Bassam Gemayel

Hey Jeanne, Scott, Staff team,

In the "Why the Hippo Program Printed C After AB" table

The penultimate sentence says:

"For the exam, you just need to know that a class must be initialized before it is referenced or used."

There is one catch to this rule, using constants in a class.

A constant is a static final variable that either of type primitive or String.

If the constant is defined in the same line as it is declared, the static initializer-blocks are no more called.

It is a corner case, thus, not really useful in real life, just thought I would share it.

For example,

class TestClass { static final int myInt = 5; static final String myStr = "5"; static final Object myObj = null; static { System.out.println("In static block");        } } class TestClassDriver {    public static void main(String[] args) { System.out.println(TestClass.myInt); System.out.println(TestClass.myStr); System.out.println(TestClass.myObj);//This line only will call static block and prints "In static block"   } }

Thanks,

Bassam

Hey Jeanne, Scott, Staff team,

Answer 19 should be A. and B.

binarySearch() will always yield the middle element index if it is a match regardless of whether the array is sorted or not.

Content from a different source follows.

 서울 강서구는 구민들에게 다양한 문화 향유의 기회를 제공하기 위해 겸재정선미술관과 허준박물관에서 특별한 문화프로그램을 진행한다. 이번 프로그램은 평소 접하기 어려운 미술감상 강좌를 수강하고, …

I understand the intent is to explain the unpredictability of binarySearch() in case the array is unsorted.

I would suggest changing: B. to B. 0 and F. to F. one output is unpredictable

The term undefined might imply the wrong interpretation.

Thanks for a great book,

Bassam

Hey Jesse,

Use the instanceof type comparison operator for any non-primitive type.

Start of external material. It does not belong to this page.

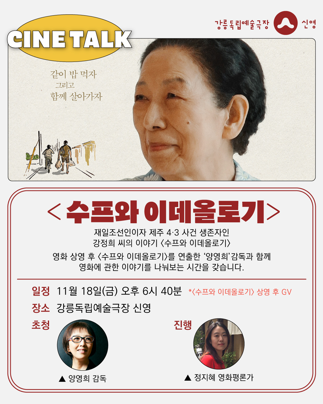 #강릉독립예술극장신영 #신영극장 #수프와이데올로기 #양영희 #강정희 #다큐멘터리 #재일조선인 #제주43사건 #이데올로기 #역사 #씨네토크

If (koko instanceof T) is true then koko is of type T.

Bassam

Hey guys,

The answer should be A, B, C, F.

Every non-primitive type is of type Object. String is a non-primitive type, making option B correct. koko is both an Object and a String.

Thanks,

Bassam

Jesse Silverman wrote:
In terms of the sentence in the summary on page 208, I would change it to:
'Calling == on String references will check whether they point to the same object'

That would be correct but redundant. You can remove "String" and the statement would remain valid.

Jesse (edited) wrote:
'Calling == on (compatible type) references will check whether they point to the same object'

My intent was to add an informational value and underline the distinction between pooled and non-pooled strings.

Keep it up,

Bassam

@Jesse,

I would use "correct" instead of "precise" when describing an assertion.

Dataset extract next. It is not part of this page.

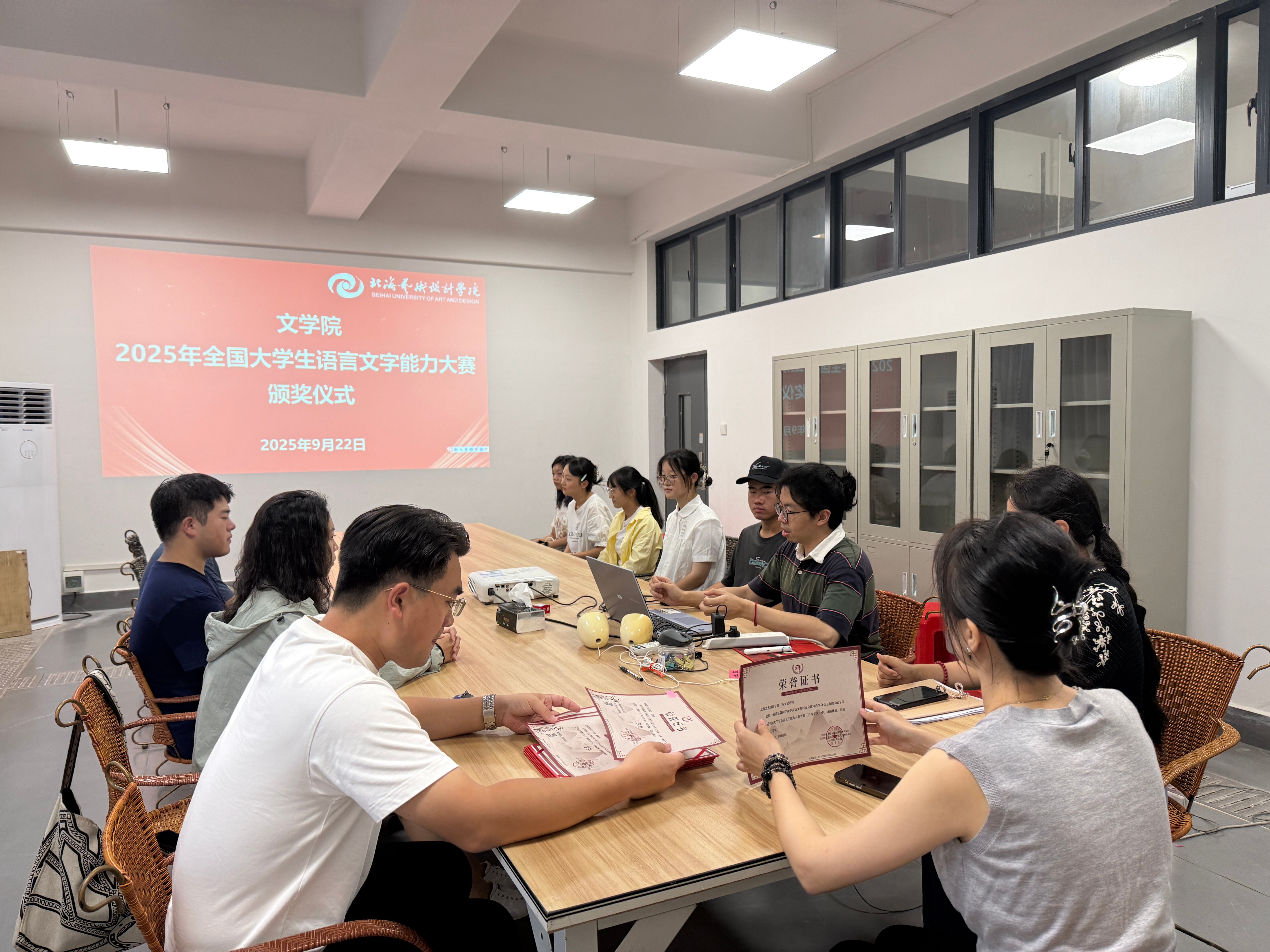 9月22日上午,文学院于南校区体育馆105会议室举行2025年全国大学生语言文字能力大赛颁奖仪式。本次仪式不仅是对获奖师生优秀成绩的表彰,更是对文学院圆满协办此项国家级赛事、展现学科实力与组织能力的全面复盘与总结。本次仪式由教务办主任郭建威主持,学院常务副院长梁镨文、副院长蔡森、裴景旺出席仪式,文学院获奖师生代表共同参加。

"Precise" begs the question of how much precision is requested.

"Correct" is an absolute and does not have varying degrees of intensity or grade.

Thanks again,

Bassam

@Campbell,

We agree.

@Jesse,

The main discussion here is that readers understand that NOT ALL String objects are stored in the String Constant Pool (aka, pool).

Only compile-time constants Strings and Strings interned using the intern() method, are stored in the pool.

The rest of the String objects are stored somewhere else on the heap.

Thank you, both,

Bassam

Hey guys,

The third paragraph states: "Calling == on String objects will check whether they point to the same object in the pool."

This is correct for string compile-time constants, eg. literals, and interned Strings.

This is incorrect for all String objects since the POOL is NOT used for ALL String objects.

Suggested edit: "Calling == on literal or interned String objects will check whether they point to the same object in the pool. "

Thanks,

Bassam

Brilliant! Did not even think about trying this! :-)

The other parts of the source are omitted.